What the task requires -
When you reach the line below that has "Golfer Happy Retirement", start returning lines exactly, and stop after the line that has "An eye-level outdoor"; skip the pictures.

Records for this task -
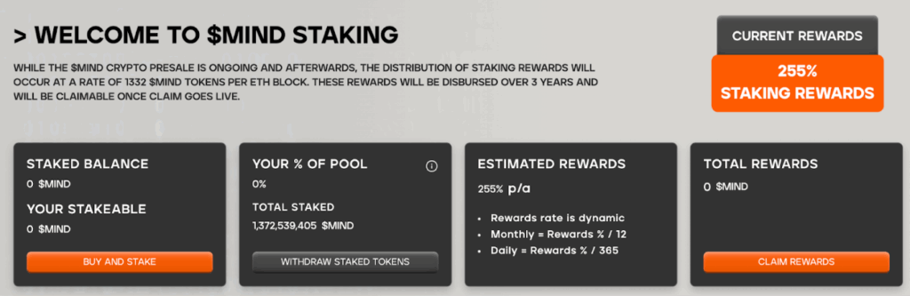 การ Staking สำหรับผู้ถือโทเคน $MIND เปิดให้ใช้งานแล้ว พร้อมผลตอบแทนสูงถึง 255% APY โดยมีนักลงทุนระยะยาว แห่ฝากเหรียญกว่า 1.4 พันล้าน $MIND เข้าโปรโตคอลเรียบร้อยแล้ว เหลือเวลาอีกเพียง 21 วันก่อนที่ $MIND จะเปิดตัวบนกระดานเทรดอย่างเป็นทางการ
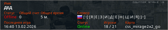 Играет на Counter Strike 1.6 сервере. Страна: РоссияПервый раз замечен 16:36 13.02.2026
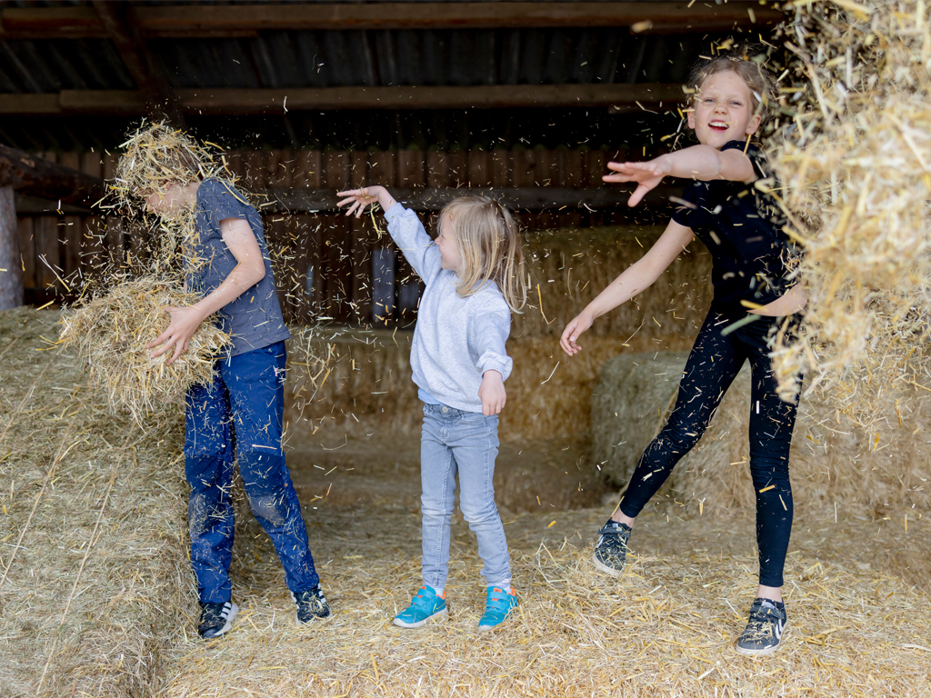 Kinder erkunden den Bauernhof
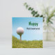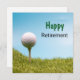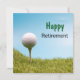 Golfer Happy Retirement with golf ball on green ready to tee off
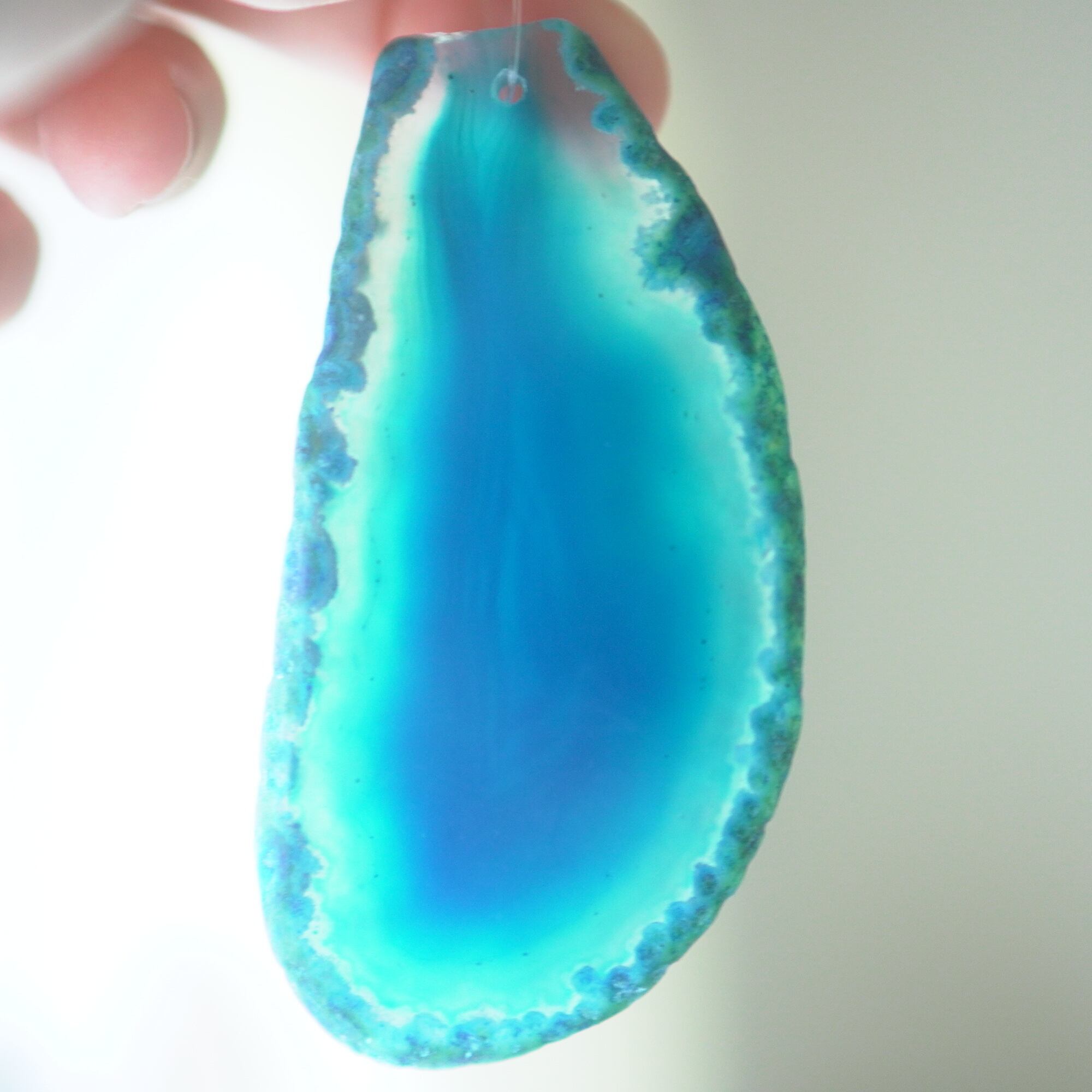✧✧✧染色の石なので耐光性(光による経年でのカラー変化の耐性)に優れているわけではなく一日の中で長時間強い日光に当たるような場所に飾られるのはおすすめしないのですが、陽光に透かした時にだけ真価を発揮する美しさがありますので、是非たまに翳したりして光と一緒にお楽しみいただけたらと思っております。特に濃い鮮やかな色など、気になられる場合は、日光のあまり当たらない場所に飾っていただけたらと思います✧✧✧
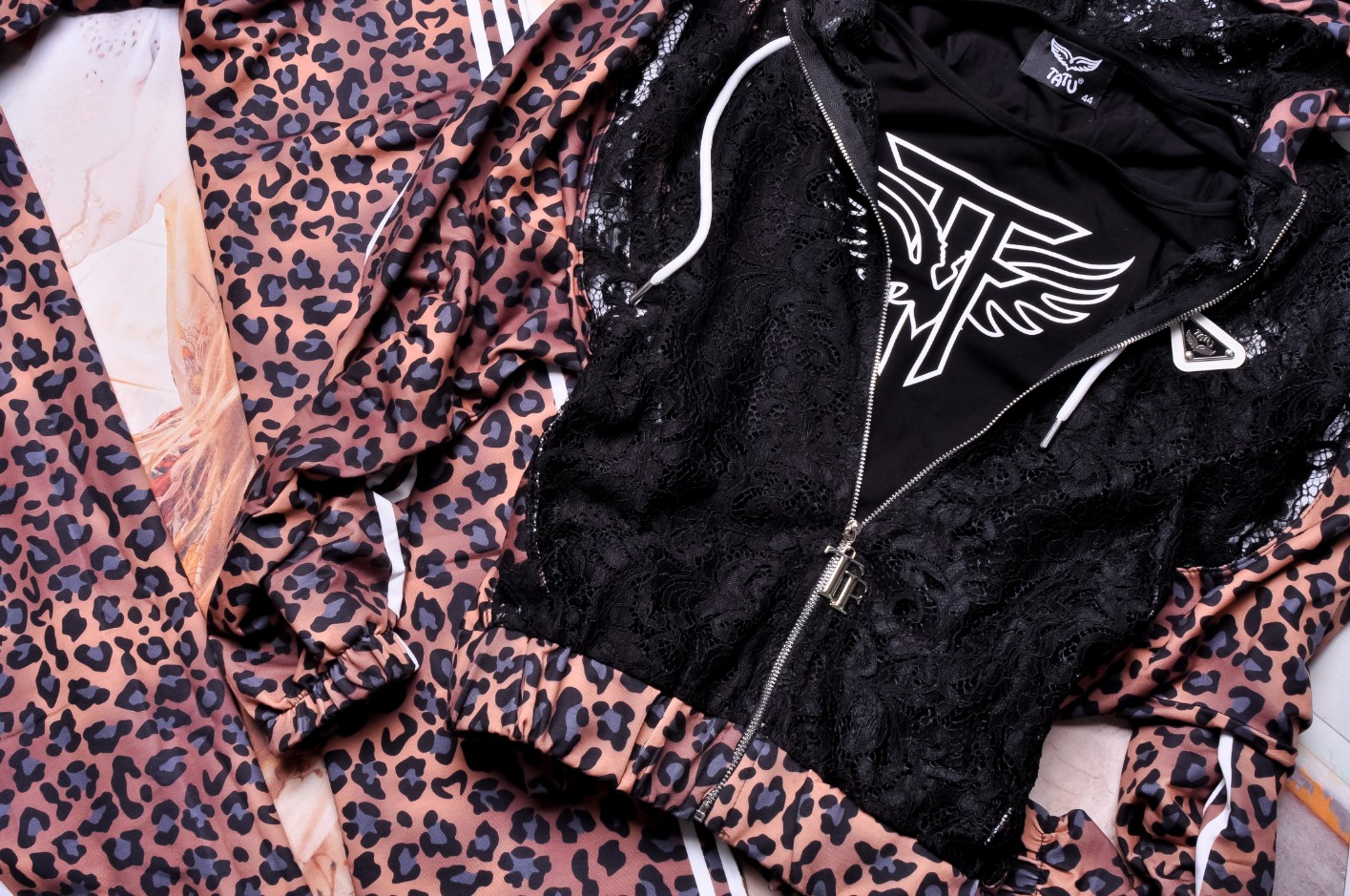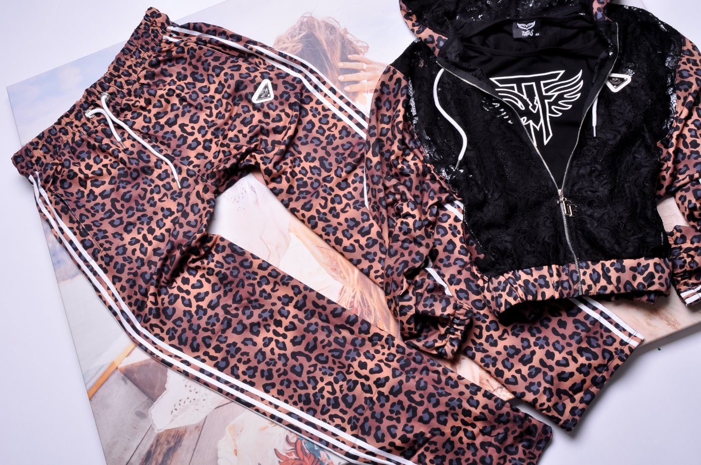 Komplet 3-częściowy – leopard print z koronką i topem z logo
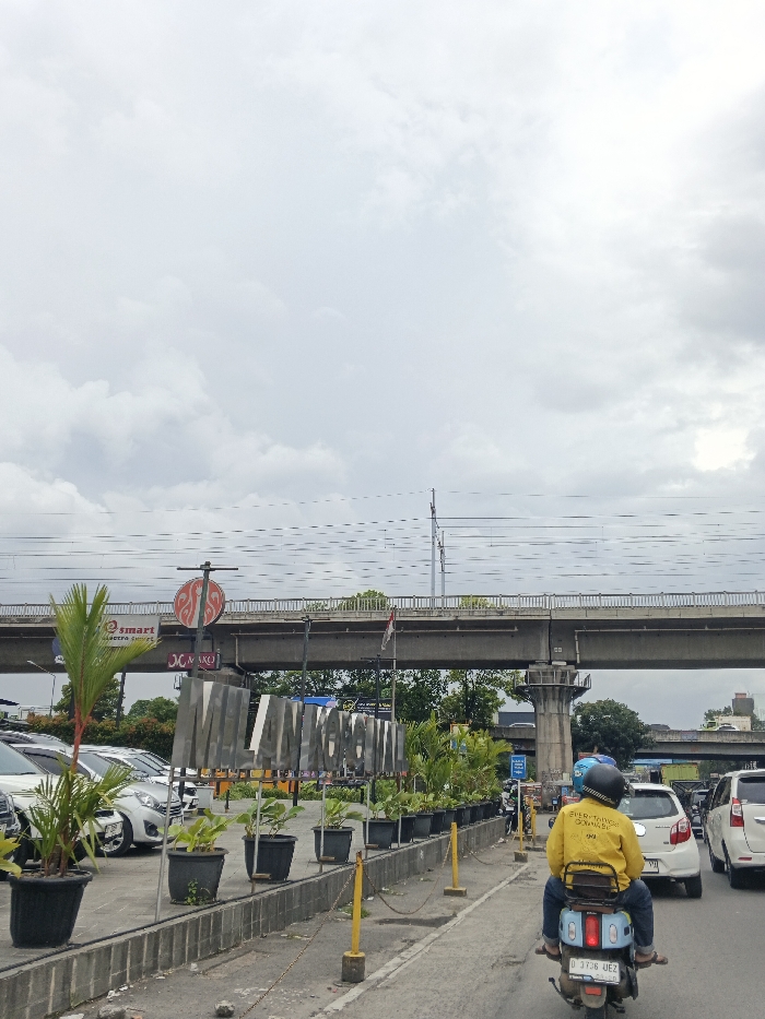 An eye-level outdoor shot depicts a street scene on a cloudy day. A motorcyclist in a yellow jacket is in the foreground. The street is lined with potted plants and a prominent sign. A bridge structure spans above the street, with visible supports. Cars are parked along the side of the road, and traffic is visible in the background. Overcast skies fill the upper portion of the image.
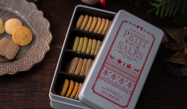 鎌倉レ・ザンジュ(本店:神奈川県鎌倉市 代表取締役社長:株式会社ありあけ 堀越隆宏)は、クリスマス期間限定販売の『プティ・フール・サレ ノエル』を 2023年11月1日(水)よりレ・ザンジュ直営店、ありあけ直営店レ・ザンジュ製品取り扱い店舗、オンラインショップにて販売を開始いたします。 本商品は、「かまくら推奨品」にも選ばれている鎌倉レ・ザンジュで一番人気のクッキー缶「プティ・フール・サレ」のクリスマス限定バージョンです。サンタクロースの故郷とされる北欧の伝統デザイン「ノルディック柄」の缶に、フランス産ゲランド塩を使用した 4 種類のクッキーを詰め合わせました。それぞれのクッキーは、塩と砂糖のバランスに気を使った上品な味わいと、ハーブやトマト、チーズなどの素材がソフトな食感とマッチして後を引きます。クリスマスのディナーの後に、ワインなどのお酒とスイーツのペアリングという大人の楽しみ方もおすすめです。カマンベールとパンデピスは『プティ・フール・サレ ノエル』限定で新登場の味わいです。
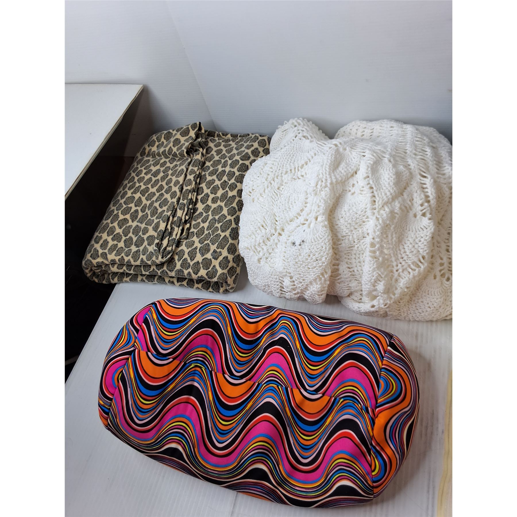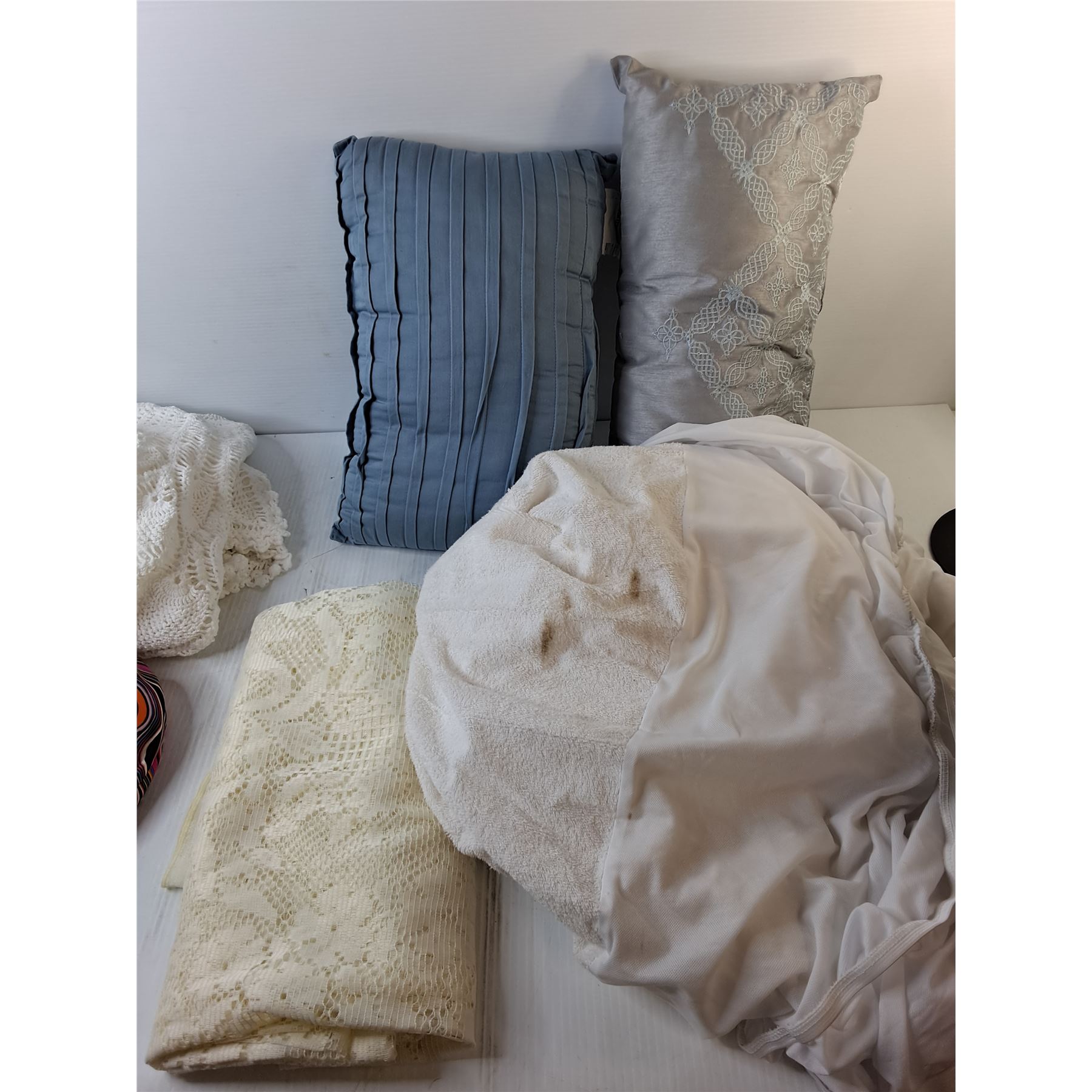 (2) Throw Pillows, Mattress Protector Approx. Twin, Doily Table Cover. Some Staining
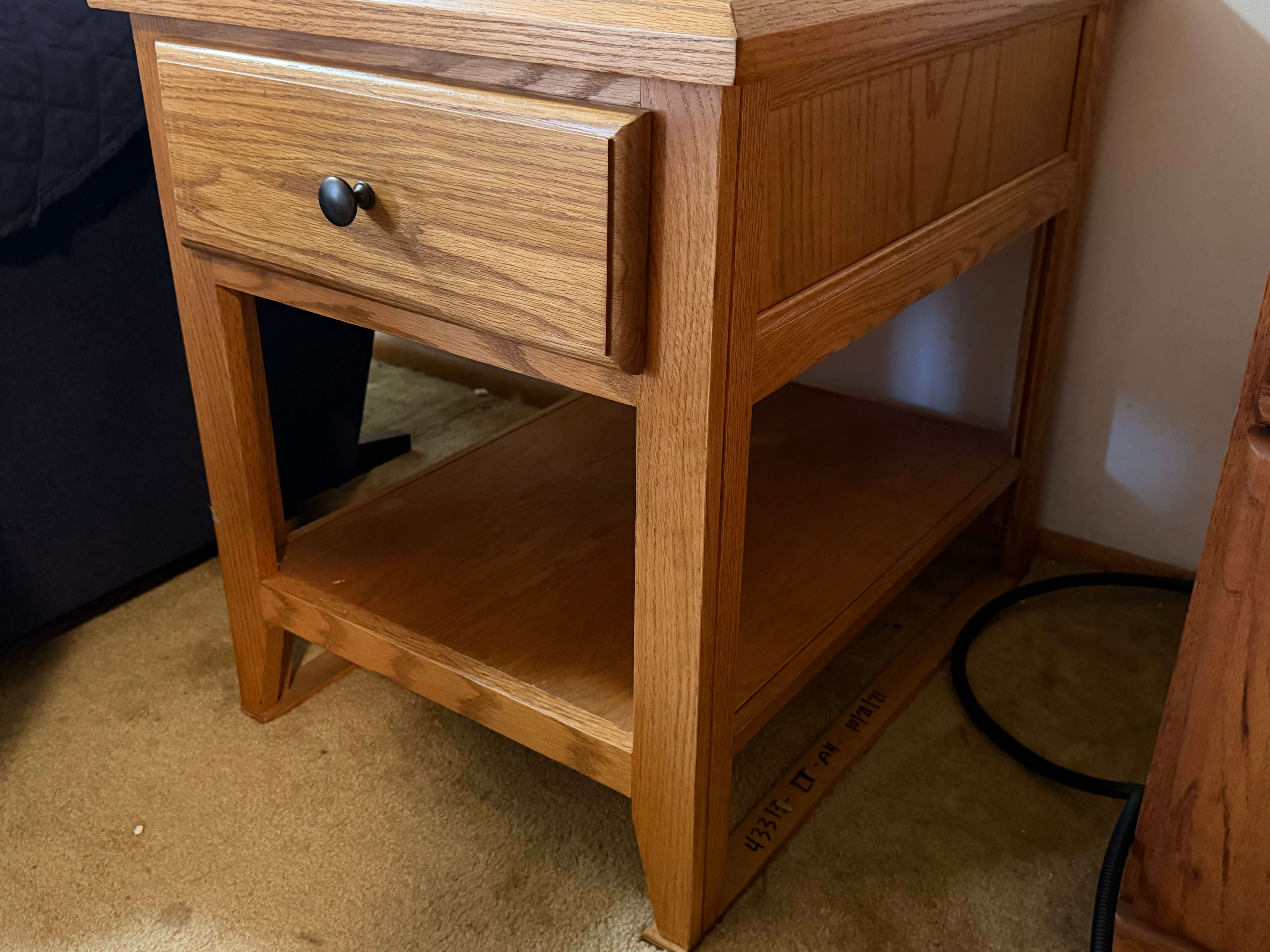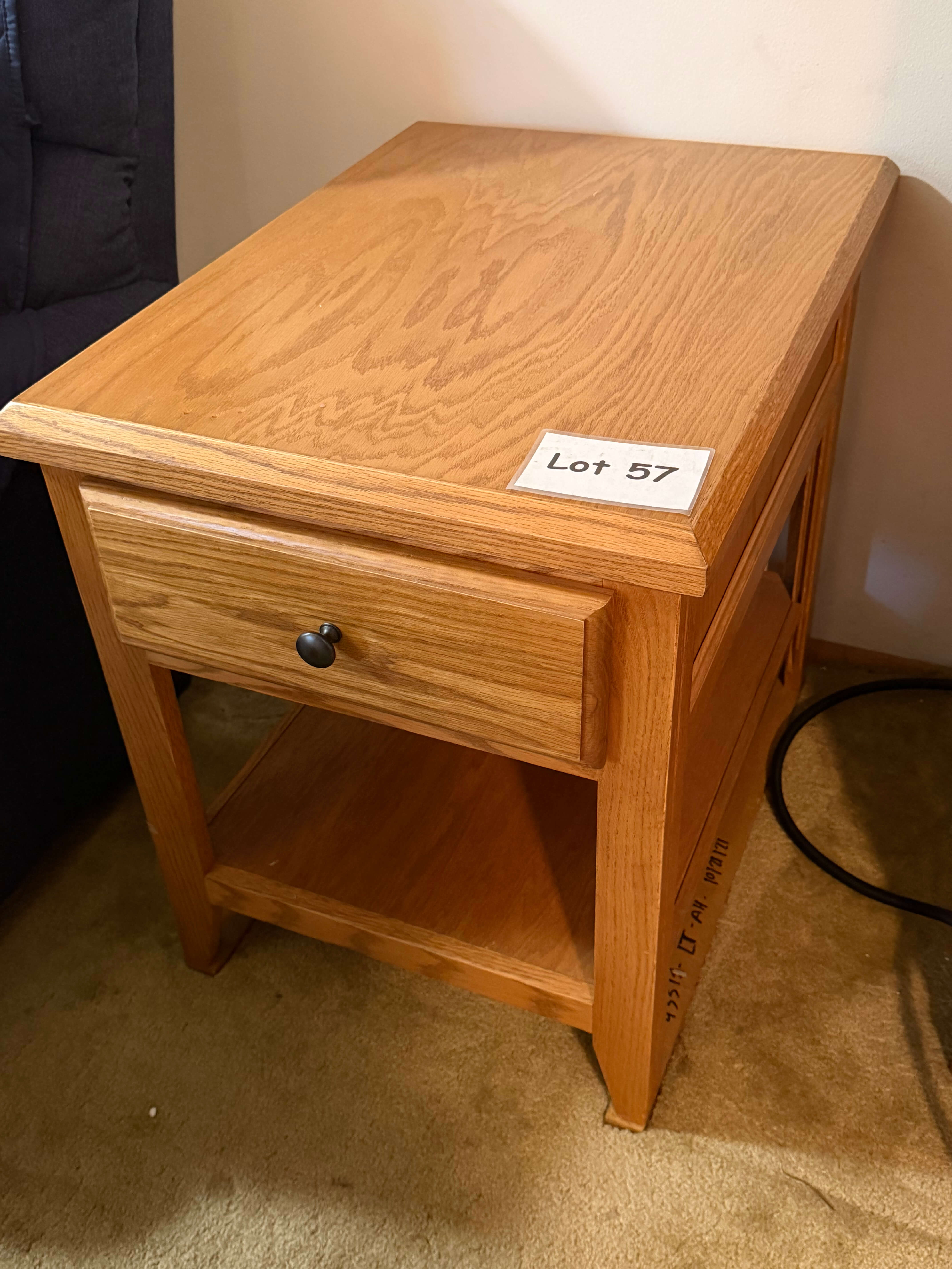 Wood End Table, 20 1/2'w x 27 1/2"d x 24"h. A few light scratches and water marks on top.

Response to the task -
 Golfer Happy Retirement with golf ball on green ready to tee off
✧✧✧染色の石なので耐光性(光による経年でのカラー変化の耐性)に優れているわけではなく一日の中で長時間強い日光に当たるような場所に飾られるのはおすすめしないのですが、陽光に透かした時にだけ真価を発揮する美しさがありますので、是非たまに翳したりして光と一緒にお楽しみいただけたらと思っております。特に濃い鮮やかな色など、気になられる場合は、日光のあまり当たらない場所に飾っていただけたらと思います✧✧✧
 Komplet 3-częściowy – leopard print z koronką i topem z logo
 An eye-level outdoor shot depicts a street scene on a cloudy day. A motorcyclist in a yellow jacket is in the foreground. The street is lined with potted plants and a prominent sign. A bridge structure spans above the street, with visible supports. Cars are parked along the side of the road, and traffic is visible in the background. Overcast skies fill the upper portion of the image.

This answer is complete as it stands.